聖書考古学とは,地中に見いだされる文書,用具,建築物,その他の遺物を通して,聖書時代の民族や出来事を研究する学問のことです。古代の聖書地域の昔の遺跡や人工物を調査するには相当の探検が必要で,幾百万トンもの土砂を除去しなければなりません。人工物とは,人手によって作られたことを示す物品のことで,人間の活動と生活の跡を証拠づけるものを指しています。人工物には陶器類,建築物の遺跡,粘土板,碑文,文書,記念建造物,および石に記された年代記が含まれます。

2 聖書考古学にはどんな価値がありますか。

2 20世紀初頭までに,考古学は綿密な学問の一分野を形成するようになり,ヨーロッパとアメリカの主要な大学や博物館が聖書の地に関する探検を後援するようになりました。その結果,考古学者は発掘調査を行なって,聖書時代の風物がどのようなものかを明らかにする,豊富な情報を提供しました。時には考古学上の発見によって,聖書の信ぴょう性が実証され,聖書が極めて詳細な点に至るまで正確であることが明らかにされました。

考古学とヘブライ語聖書

3 古代のどんな遺跡や記録は古代バビロンにジッグラトがあったことを確証していますか。
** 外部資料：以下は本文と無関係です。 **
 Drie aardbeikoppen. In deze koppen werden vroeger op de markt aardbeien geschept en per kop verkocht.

3 バベルの塔。聖書によると,バベルの塔は巨大な建造物でした。(創世記 11:1-9)興味深いことに,考古学者たちは古代バビロンの遺跡内およびその周辺に数基のジッグラト,すなわち,ピラミッドに似た,階段状の神殿形式の塔の立っていた場所を発掘しました。その中には,バビロンの城壁内にあったエテメナンキ神殿の廃虚もあります。そのような神殿の古代の記録にはしばしば,「その頂は天に達するであろう」という言葉が含まれています。ネブカドネザル王は,「私はエテメナンキの階段状の塔の頂上を高くし,それが天の高さに匹敵するものとした」と語ったと言われています。ある断片はそのような神殿の倒壊を次のような言葉で述べています。「この神殿の建築は神々の不興を買った。神々は一夜のうちに,それまでに建てられたものを倒した。神々は人を広く散らし,彼らの言葉を奇妙なものにした。神々は工事の進行を妨げたのである」。 *

4 ギホンでどんな考古学上の発見がなされましたか。それは聖書の記録とどんな関係があるかもしれませんか。
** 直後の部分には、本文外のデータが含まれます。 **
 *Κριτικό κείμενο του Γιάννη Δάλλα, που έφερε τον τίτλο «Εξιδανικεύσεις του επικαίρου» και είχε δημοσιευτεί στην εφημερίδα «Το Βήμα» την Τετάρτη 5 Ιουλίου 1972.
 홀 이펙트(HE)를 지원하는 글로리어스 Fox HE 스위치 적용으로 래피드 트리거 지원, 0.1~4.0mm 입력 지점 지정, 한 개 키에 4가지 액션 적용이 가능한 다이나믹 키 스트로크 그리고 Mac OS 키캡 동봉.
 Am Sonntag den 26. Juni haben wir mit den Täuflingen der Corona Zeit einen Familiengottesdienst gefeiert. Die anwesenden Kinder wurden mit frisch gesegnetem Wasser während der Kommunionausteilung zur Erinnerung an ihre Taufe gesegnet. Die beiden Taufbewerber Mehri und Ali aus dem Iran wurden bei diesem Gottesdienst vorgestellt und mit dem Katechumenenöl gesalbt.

4 ギホンの泉の地下水道。1867年,チャールズ・ウォーレンはエルサレム地域で,ギホンの泉から丘の中に流れ込んでいる水路を発見しました。その水路には,上方にあるダビデの都市に通じる縦穴がありました。明らかに,ダビデの部下たちはこの地下水道を通って最初にこの都市に侵入したのでしょう。(サムエル第二 5:6-10)ギホンの泉から出ている水道の全容が明らかにされたのは1909年から1911年のことでした。高さが平均約1.8メートルある巨大なトンネルが,のみで岩盤の中を約533メートル掘り抜いて造られたのです。それは,ギホンから(市内にある)テュロペオンの谷のシロアムの池に通じており,これは明らかにヒゼキヤによって造られたものと思われます。狭いトンネルの壁に初期のヘブライ語書体で記された碑文が発見されました。それは一部次のように述べています。「そして,これが貫通の由来である。[…](が)なお,つるはしを[…]。彼らが互いに向かい合って掘って行くとき,そしてなお掘り抜く余地が3キュビトあったとき,お互いに仲間を呼び交う声が[聞こえてきた]。それは右手から,[左手にかけて]岩に亀裂があったからである。そして貫通の日に,石工たちはお互いに仲間のほうに向かってつるはしを振るって掘り進んだ。そして水は泉から貯水池まで1,200キュビト流れた。そして石工の頭上の岩の厚さは100キュビトであった」。この時代にしてみれば,何と驚くべき工学上の業績でしょう! *列王第二 20:20。歴代第二 32:30

5 カルナックではシシャクの侵略と聖書の地名に関するどんな考古学上の証拠が発見されましたか。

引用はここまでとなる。